Yuanfen is a Chinese term that is hard to understand for people in other countries. Roughly speaking, yuanfen means the pre-determined "binding force" that links two people (usually two lovers) together. Although it is a blind faith, many people, especially girls like to calculate it.

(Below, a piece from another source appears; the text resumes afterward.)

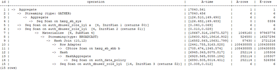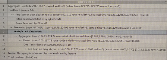在一些局点的交付过程中,ISV需要使用行级访问策略进行用户访问权限控制,省级用户具有全部查询权限,部分市级用户设置行级访问权限。如果行级访问控制使用不好,会导致影响整体查询的执行效率,例如在业务系统建表的过程中,创建1个行级访问策略并增加case when条件,根据登录用户名(current_user)判断用户属性(省级用户还是市级用户),并进行访问控制,实际测试过程中省级用户查询执行耗时17秒,不符合预期,需要进行优化。

Unfortunately, my girlfriend is one of them. One day, she asked me, "Sweetie, shall we find out our yuanfen?" Oh, I really hate that question, but I cannot reject it... Luckily, I'm a programmer, so the only thing I need to do is to find a seemingly good algorithm and write a yuanfen calculator. After several hours' searching in the web, I decided to implement the following popular yuanfen algorithm:
Step 1: Pick up the name abbreviations of the couple and concatenate them. For example, if the couple named Jiang Yun Fan and Tang Yu Rou, the concatenation of abbreviations is JYFTYR.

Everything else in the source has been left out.